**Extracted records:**
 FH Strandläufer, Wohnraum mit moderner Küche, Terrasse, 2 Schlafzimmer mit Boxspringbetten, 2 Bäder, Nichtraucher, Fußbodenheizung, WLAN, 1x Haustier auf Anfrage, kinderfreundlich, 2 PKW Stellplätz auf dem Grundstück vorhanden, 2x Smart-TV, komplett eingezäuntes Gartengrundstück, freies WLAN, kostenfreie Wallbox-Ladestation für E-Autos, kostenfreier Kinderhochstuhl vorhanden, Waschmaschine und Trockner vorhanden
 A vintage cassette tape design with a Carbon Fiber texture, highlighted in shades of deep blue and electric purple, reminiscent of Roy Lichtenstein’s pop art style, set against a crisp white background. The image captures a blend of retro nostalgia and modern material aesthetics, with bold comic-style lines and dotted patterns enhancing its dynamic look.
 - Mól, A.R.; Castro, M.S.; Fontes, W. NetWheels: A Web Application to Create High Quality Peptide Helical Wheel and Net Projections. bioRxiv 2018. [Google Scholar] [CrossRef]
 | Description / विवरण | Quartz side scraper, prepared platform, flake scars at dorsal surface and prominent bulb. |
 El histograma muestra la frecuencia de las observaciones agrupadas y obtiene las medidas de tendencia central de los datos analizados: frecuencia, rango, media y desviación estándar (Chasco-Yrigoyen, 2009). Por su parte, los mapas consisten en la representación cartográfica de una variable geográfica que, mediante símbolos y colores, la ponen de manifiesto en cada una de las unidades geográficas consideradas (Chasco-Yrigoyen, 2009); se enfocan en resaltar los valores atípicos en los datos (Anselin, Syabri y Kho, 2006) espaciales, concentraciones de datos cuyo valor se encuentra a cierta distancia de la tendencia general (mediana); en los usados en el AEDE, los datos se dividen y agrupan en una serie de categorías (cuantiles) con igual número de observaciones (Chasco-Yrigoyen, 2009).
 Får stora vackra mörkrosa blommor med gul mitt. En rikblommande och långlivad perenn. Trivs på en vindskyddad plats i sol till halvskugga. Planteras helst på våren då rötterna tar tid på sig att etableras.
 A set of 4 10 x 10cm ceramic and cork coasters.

**Directions for this task:**
I'd like an exact copy of the lines above, from the very first one through the line that contains "A vintage cassette", with nothing else added.

**Written solution:**
 FH Strandläufer, Wohnraum mit moderner Küche, Terrasse, 2 Schlafzimmer mit Boxspringbetten, 2 Bäder, Nichtraucher, Fußbodenheizung, WLAN, 1x Haustier auf Anfrage, kinderfreundlich, 2 PKW Stellplätz auf dem Grundstück vorhanden, 2x Smart-TV, komplett eingezäuntes Gartengrundstück, freies WLAN, kostenfreie Wallbox-Ladestation für E-Autos, kostenfreier Kinderhochstuhl vorhanden, Waschmaschine und Trockner vorhanden
 A vintage cassette tape design with a Carbon Fiber texture, highlighted in shades of deep blue and electric purple, reminiscent of Roy Lichtenstein’s pop art style, set against a crisp white background. The image captures a blend of retro nostalgia and modern material aesthetics, with bold comic-style lines and dotted patterns enhancing its dynamic look.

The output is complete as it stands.